DSO is available at 
A Background to Athas
The world of Athas (the setting for Dark Sun) is a devastated and dying one. Most of its land surface is covered by vast deserts, plains of melted obsidian, seas of
waterless silt, and jagged mountains. Where forest does exist it is small and deadly, surrounded on all sides by harsh savannahs. All this burns under a huge dark sun.

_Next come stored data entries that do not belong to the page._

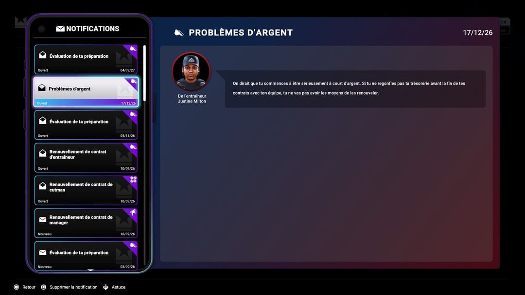 Il faut ainsi faire attention au temps de préparation pendant la signature du contrat, et penser à faire autre chose que des apparitions sur les réseaux sociaux ou dans les lignes d’un journal. Mais pour gagner en popularité, il ne faut pas non plus négliger cet aspect. Les nombres d’exercices sont au nombre d’une dizaine, et l’impact sur la forme du boxeur est affiché avec des lignes de stats.
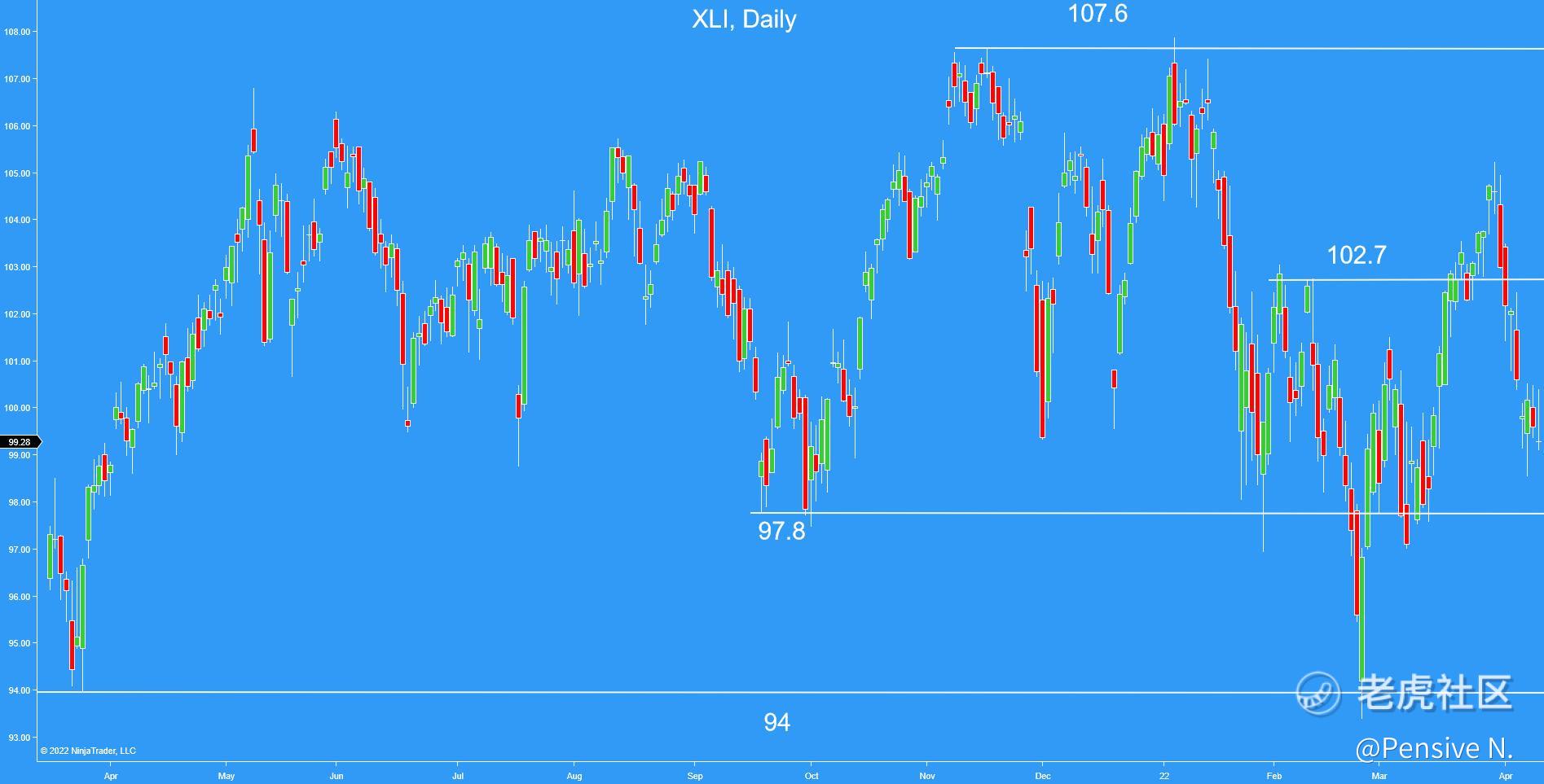 - XLI’s sharp reversal below $102.7 at the end of March did indeed signal the end of its bounce, at least for now, as Industrials tumbled to close in on $97.8 support
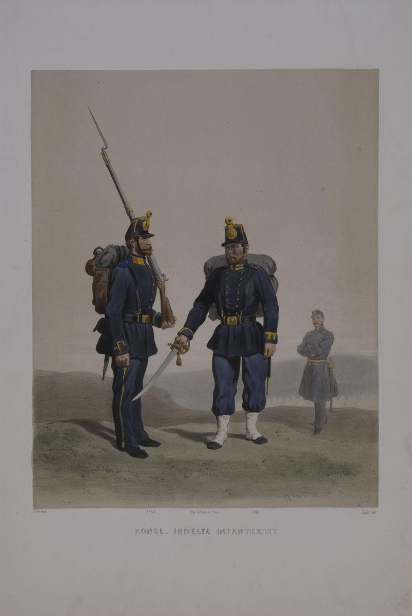 Plansch med uniform för Indelta infanteri. Plansch i färgtryck efter original av Fritz von Dardel. Ingår i planschsamlingen Den svenska och norske armeens uniformer, 1861-1863.
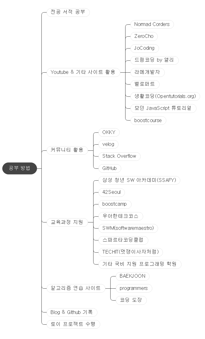 개발자 공부를 위한 자료들은 인터넷에 너무나 많다. 나만의 커리큘럼을 잘 짜서 공부하는 것이 중요할 것이다. 당분간은 하나의 코딩 부트캠프를 통해 실무에 필요한 지식과 프로젝트 경험을 얻고, 스스로 꾸준한 알고리즘 연습을 통해 내실을 쌓아갈 것이다.
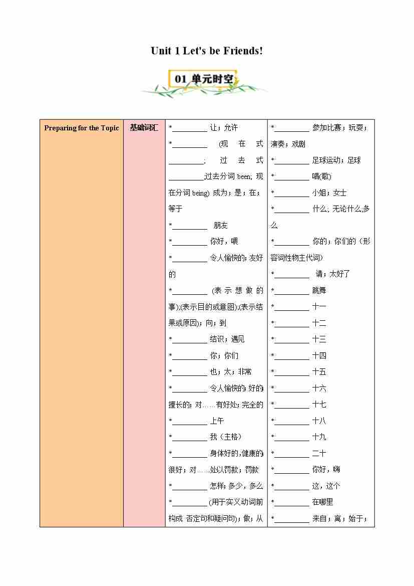 首页 > 全部 > 知识清单 > Unit 1 Let's be Friends!(知识清单)(挖空版)
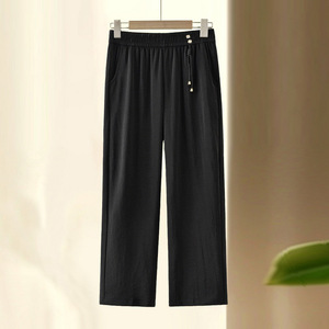 中高年女性のパンツ 2025 夏の新しいスタイルママの万能ストレートパンツ弾性ウエスト大きいサイズカジュアル無地ワイドレッグパンツ
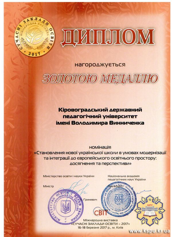 Гордість викликає результат виставки – ЗОЛОТА МЕДАЛЬ у номінації «Становлення нової української школи в умовах модернізації та інтеграції до європейського освітнього простору: досягнення та перспективи». Особлива подяка від ректорату викладачам, чиї роботи, подані на розгляд поважного журі з представників МОН України та НАПН України, разом зі здобутками вишу в усіх сферах його діяльності і послужили запорукою високої нагороди.
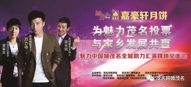 为全力支持茂名市参与中央电视台主办的大型城市文化旅游竞演节目《魅力中国城》评选活动,进一步激发广大市民积极参与网络投票的热情,推进投票活动持续进行,8月3日下午,茂名市嘉豪轩食品有限公司举办了一场“为魅力茂名投票,与家乡发展共赢”魅力中国城茂名全城助力汇演媒体见面会。记者从见面会上获悉,本次活动邀请到了香港情歌天王方力申、央视著名主持人梁永斌等明星参与,8月9日晚上在市区文化广场与市民们一起为茂名呐喊、加油!
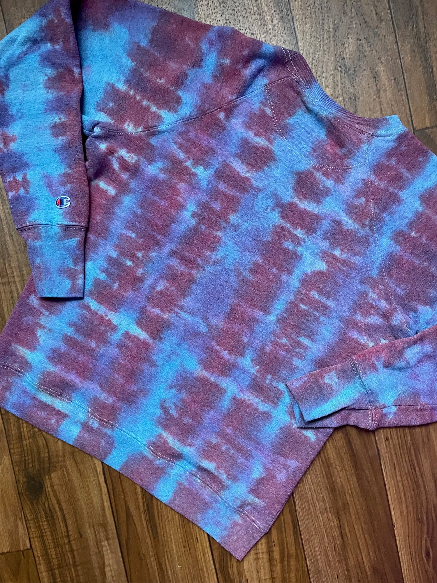 Unisex Medium Champion Red, Purple, and Blue Tie Dye Crewneck Sweatshirt
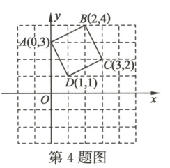 4. 正方形$ABCD$在平面直角坐标系中的位置如图所示,将正方形$ABCD$绕$D$点顺时针方向旋转$90^{\circ}$后,$B$点的坐标为(
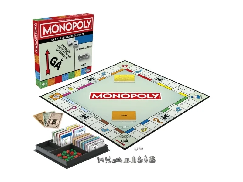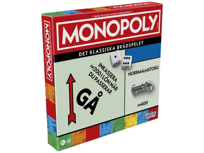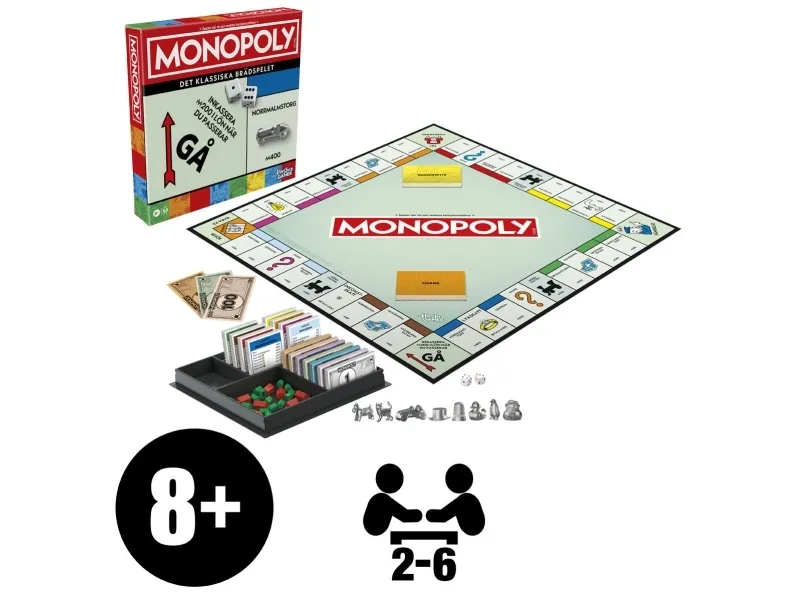 Gjør det stort eller bli blakk i Monopoly-brettspillet! I denne utgaven av det morsomme familiespillet kan du oppleve det den klassiske brettspill-fansen kjenner og elsker, samt forbedrede funksjoner. Vi har inkludert en elegant oppbevaringsskuff for å holde orden på kontanter, kort og deler. Vi har også økt størrelsen på spillebrikkene, husene og hotellene fra de i tidligere utgaver for enklere håndtering. Spillere beveger seg rundt på brettet og kjøper så mange eiendommer de kan. Jo mer de eier, desto mer husleie vil de kunne kreve inn fra andre. Den siste med penger, når alle andre spillere har gått konkurs, vinner! Er du på utkikk etter et morsomt spill for spillkvelden? Dette familiebrettspillet for barn og voksne er et spennende valg. Monopoly-spill og familespill for barn og voksne er flotte gaver til barn også. Navnet og logoen HASBRO og MONOPOLY, det karakteristiske designet av spillebrettet, de fire hjørnefeltene, navnet og karakteren MR. MONOPOLY samt de karakteristiske elementene på brettet og spillebrikkene er varemerker som tilhører Hasbro, Inc. for eiendomshandelsspillet og spilleutstyret.
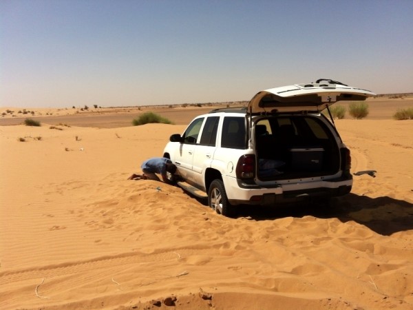 아무튼 한시간 반 정도를 달리고나자 갑자기 이브라힘은 고속도로에서 대뜸 오프로드로 빠졌다. 갑자기 사막위를 덜컹덜컹 달리기 시작하더니 길 위에 나있는 타이어 자국을 따라가기 시작했다. 저 타이어 자국이 아마 마지막으로 친구들이랑 캠핑 왔을 때 왔었던 흔적일거라고. 한참을 꼬불꼬불 대체 어떻게 찾았는지도 모르겠는 길을 달리고 또 달렸다.
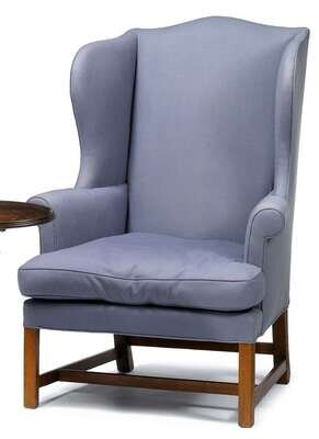 Arched cresting, shaped wings scrolled arms, on squared legs with beaded edge joined by stretcher.
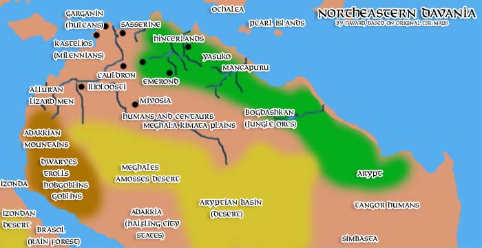 This is a “quick” map of Davania’s northeastern section, which Håvard drew in 2007. He was inspired by discussions of Vulcania at the Mystara Mailing List at the time. He assembled all of the main political and geographical labels from published sources.
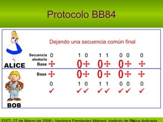 El protocolo BB84 es un esquema de QKD que permite a dos partes generar una clave secreta compartida y detectar cualquier intento de espionaje. Esta tecnología promete comunicaciones seguras que son invulnerables a las técnicas de criptoanálisis clásicas y cuánticas.
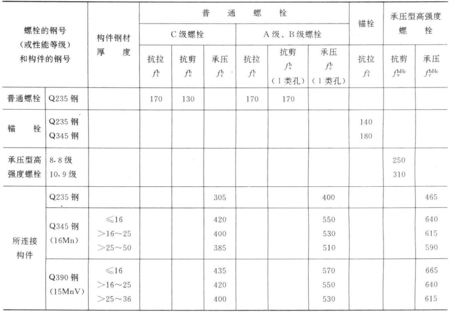 (二)普通螺栓与锚栓的强度(设计值)

Athas is a world destroyed by magic. Once it was a green and blossoming place, but the First Magician discovered the secret of magic, which involved drawing
energy from the surrounding world to create spells. He devised two types of magic, Preserving magic, which taught restraint, and Defiling magic, which emphasised
power. His chosen servants became Defilers, their magic killing all the plants, and eventually even animals, about them, to fuel their spells. The First Sorcerer sent his
champions to slay all the other races, ostensibly to return the world to a golden age under humanity. When the champions learnt that he intended to give the world to
the halflings (Once the sole race of Athas, and creators of the Pristine Tower that destroyed their age, and Athas' sun) instead they rebelled, and became the
ever-living Sorcerer-Kings.
These Sorcerer-Kings, all Defilers, set themselves as rules of the great city states of Athas, such as Ur-Draxa, Tyr and Nibenay, while they searched for the secret of
becoming immortal Dragons. Meanwhile their Templars rule over a harsh society of slaves and gladiators, hunting out rival magicians to destroy and enforcing the will
of the Sorcerer-Kings.
This is the world of 'present day' Athas. The PC's live in one of the seven great cities, passing their lives under the baleful gaze of one of the Dragon-Kings, avoiding
the corrupt Templar bureaucracy, and trying to survive the Harsh Land.
Features of the Game System
Dark Sun presents a number of major alterations to the normal AD&D concepts and rules, a new ethic of survival, 3rd level minimums, new PC races, readily
available Psychics, no Gods, and elemental Priests.
A new ethic of survival
In most AD&D games it is assumed that the characters are heroes, a cut above the normal man, and largely concerned with unusual threats. The worlds are generally
kindly and pleasant, though containing threats, usually guarding the treasure that makes the adventurers venture out of safer places.
In Athas, in contrast, the world is deadly. The air burns, the ground is without water, and both ancient monsters and resource starved peasants are equally ready to
kill you. Athas is notably a world without resources. There is little metal or plant materials, therefore armour is made from insect shells and weapons from bones. The
picture of the ideal Athasian would be that of a tanned, half-naked man, well muscled, dressed in piecemeal furs and leather, somewhere in a sun baked desert.
3rd Level Characters
Naturally normal people don't survive Athas easily, they stay in the relative safety of their cities, so Dark Sun characters all start at 3rd level instead of the normal 1st,
and are expected to progress quickly in level. Athas is a world of particular threat, the strong survive and the rest die quickly. It is certainly implied that Dark Sun
players should expect their characters to die far more often than in a normal game.
New PC Races
Another significant departure from normal AD&D is the quite different selection of PC races in Dark Sun. For once TSR has moved away from its Tolkeinsh roots
and re-defined the archetypes. Athasian Elves are vicious, untrustworthy and always running, halflings once ruled the world, and many PC's may well be half-dwarf
Muls, Aarakocra or the insectoid Thri-Kreen. Since AD&D very seldom varies the PC races or adds new ones it is a good indication of how much this campaign
setting is willing to alter things to fit in with the world.
Readily available Psychics
Another departure from fundamental AD&D precepts is the balance of Magic and Psychics on Athas. In normal AD&D psychic powers are all but non-existent,
and magic dominates. On Athas magic is feared, even in the hands of the nature-loving preservers, and Defiler magic has destroyed the world. Every PC, on the
other hand, has at least one psychic power, and an entirely new Psionicist Class exists for specialist Psychics.
This principle of changed forms of power is carried on into the concept that Athas has no Gods. On Athas the power of the individual is supreme, and the closest it
comes to Gods are the corrupt Dragon-Kings attempting to reach divinity. Rather then the normal AD&D Cleric, drawing on the power of a distant God, Athas has
Templars, who draw magic directly from their semi-divine Sorcerer-Kings (and therefore have the power to rule everything), and the Elemental Priests, who draw
their power from the elemental planes, surely a fitting source of power for the elemental and savage Athas.